Teens organize run to promote safe driving

ENCINITAS — The perils of teen driving have hit home for many in the county as tragic stories of untimely death have become pervasive. Four local teens brought awareness to the issue in an effort to promote safe driving during the Teen Driving Safety 5K Beach Run along Moonlight beach Feb. 12.
“The kids were impacted by the rash of traffic accidents involving teens and they wanted to raise awareness,” said Sara MacGregor, whose son, Ian, was one of the organizers. As part of a project through Destination Imagination, MacGregor joined other high school students Gus Lack, Joel Kosmatka and Sarah Budman to create a program that would positively influence the target community.
Traffic Sgt. Mark O’Connor, with the San Diego County Sheriffs Department, said safe teen driving was an important message. “We’ve attached our star to their event,” he said. “It’s a good partnership.”
Not only did the department come out to give information on safe driving, but several officers also participated in the run.
The department has been working with the Smart Start program to ensure young people are aware of the consequences of their behavior behind the wheel. “We began implementing the program in November 2009,” O’Connor said. “There is a need for this type of training first-time drivers.”
Approximately 100 students showed up recently at a Start Smart presentation at San Dieguito Academy. “We’re hoping it’s sticking,” he said. The school will soon require all drivers who want an on campus-parking permit to take the class.
O’Connor admitted that law enforcement can only do so much when it comes to educating youth on safe driving. “That’s the loudest voice. When their peers start to get involved that’s where real change will happen,” he said.
Cardiff resident Victor Grewal, 32, spoke to the crowd after the run. “On March 28, 1984, a drunk driver ran a stop sign,” he said. Grewal was in a coma for two months followed by seven months in a rehabilitation facility. He is partially paralyzed on his left side and has permanent brain damage. “It’s very hard for me to remember things short term,” Grewal said.
The damage left in the wake of the crash made an impact on the teens as they, along with their parents, listened intently to Grewal’s story. “My dad was paralyzed, my mom and brother both had broken bones,” he said. Although he admitted he was nervous to talk to crowds before he spoke, Grewal said it was important to show the devastation a wrong choice can cause. “I want to open people’s eyes,” he said, “life is not easy when you have an injury.” Grewal struggles to retain information and continues to deal with physical pain from the accident.

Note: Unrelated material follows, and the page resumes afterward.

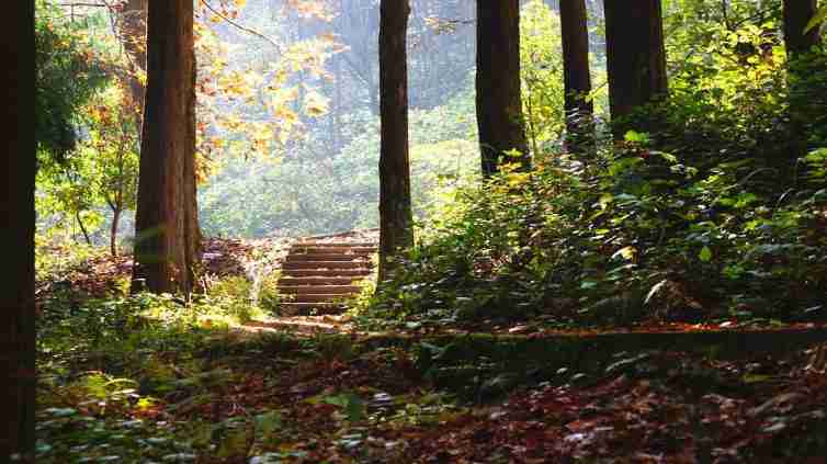 行走在樹林之中,腳下厚厚的落葉上時不時出現斑駁的影子,迷幻的色彩,寧靜的時空,宛如游走在一幅靜止的美麗畫卷之中……

“There were tears when Victor spoke,” MacGregor said. “I was happy that it made an impact on people.”
Nancy Perry-Sheridan with the San Dieguito Alliance for a Drug Free Youth was at the event to support the cause. “Kids think ‘this could never happen to me,’” she said, referring to car fatalities. She said the Start Smart program is unique in that parents must attend the class with their teen. “It gets the conversation started on what responsibilities come with getting behind the wheel,” she said.
Aside from being under the influence while driving, MacGregor said there are additional behaviors that are unsafe. “People get distracted by any electronic device,” he said. He encouraged young people to remind their parents to avoid distractions while driving as well. “Kids always like to defy their parents, right? This time it can be for good,” he said.
The turnout and support exceeded the organizer’s expectations. “Our basic goal was to raise awareness in our community about safe teen driving,” MacGregor said. “We figured we needed at least 150 student entry fees to break even but we got 240 runners in all.”
Funds from the event will be donated to the Amanda Post and Natalie Nield scholarship and SADD (Students Against Drunk Driving). Post and Nield, Cathedral Catholic high school students, were killed in a crash near Bishop last summer.